Не буду клеветать на Малокрошечного: студень был вкусный, или, может быть, он показался нам вкусным — больно уж мы были голодны. Мы жевали без передышки, и, если б нам так не хотелось спать, мы, наверное, ели бы еще дольше. Первым встал дядька, зевнул; ничего не сказав, пошел во вторую комнату и лег на первую попавшуюся постель. За ним поднялись и мы все.
Я лег не раздеваясь, натянул одеяло и заснул сразу, как упал в черную пропасть.
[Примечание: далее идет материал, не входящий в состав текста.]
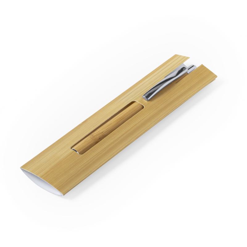 Funda de bolígrafo de línea nature. Fabricada en cartón, con patrón inspirado en las vetas de bambú. Especialmente diseñada para mostrar la publicidad del clip y/o del cuerpo del bolígrafo (bolígrafo no incluido).
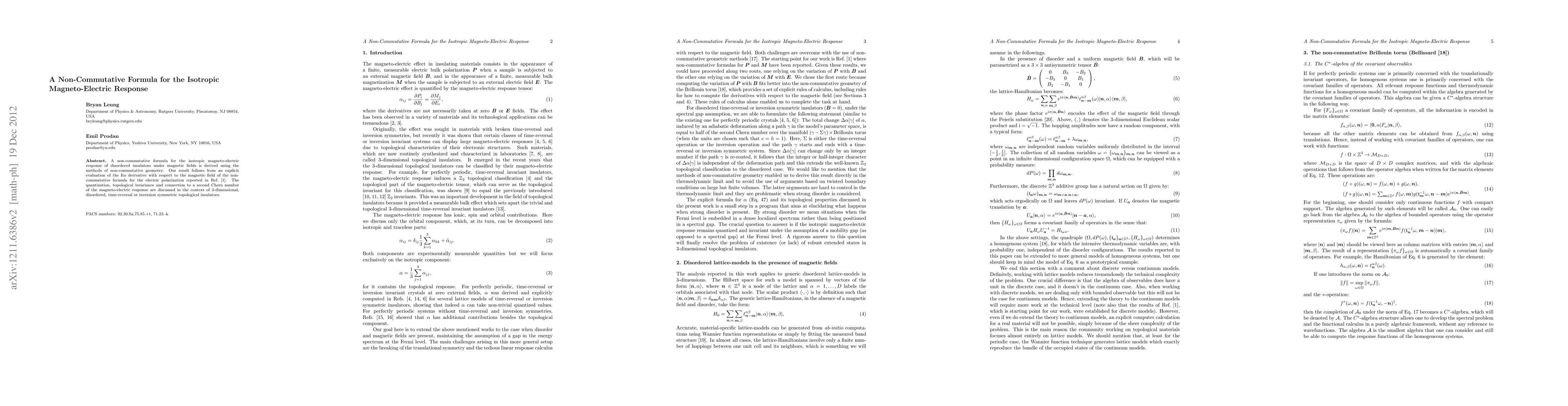This paper derives a non-commutative formula for the isotropic magneto-electric response in disordered insulators using non-commutative geometry, focusing on topological invariants and their relation to the second Chern number in 3D topological insulators. The study quantifies the response through an explicit evaluation of the Ito derivative of electric polarization.

Я чувствовал, что меня трясут за плечо, и пытался сопротивляться. Мне казалось, я только закрыл глаза. Но меня безжалостно подняли и встряхнули. Харбов натягивал сапоги, Мисаилов стоял уже одетый в дорогу, у Тикачева торчала за плечами двустволка и вид был воинственный и серьезный. Натянул сапоги и я, потопал ногами и почувствовал, что готов в путь.
— Пошли, — сказал Харбов.
Малокрошечный с обиженным лицом распахнул перед нами дверь и вышел на крыльцо проводить нас. Во дворе напротив возилась Маруся, Бакин колол дрова. Малокрошечного как ветром сдуло. Бакин и Маруся помахали нам на прощание.
День был ясный, солнечный. Мы вышли на дорогу и зашагали — впереди Мисаилов и Харбов, сзади мы все, построившись в ряд. Еще один, третий дом был в поселке. Харбов внимательно на него посмотрел, когда мы проходили мимо.
— Здесь почтальон живет, — сказал он. — Почту возит отсюда до Куганаволока. — Он оглянулся и посмотрел назад. — Лошади, нет. Значит, уже уехал.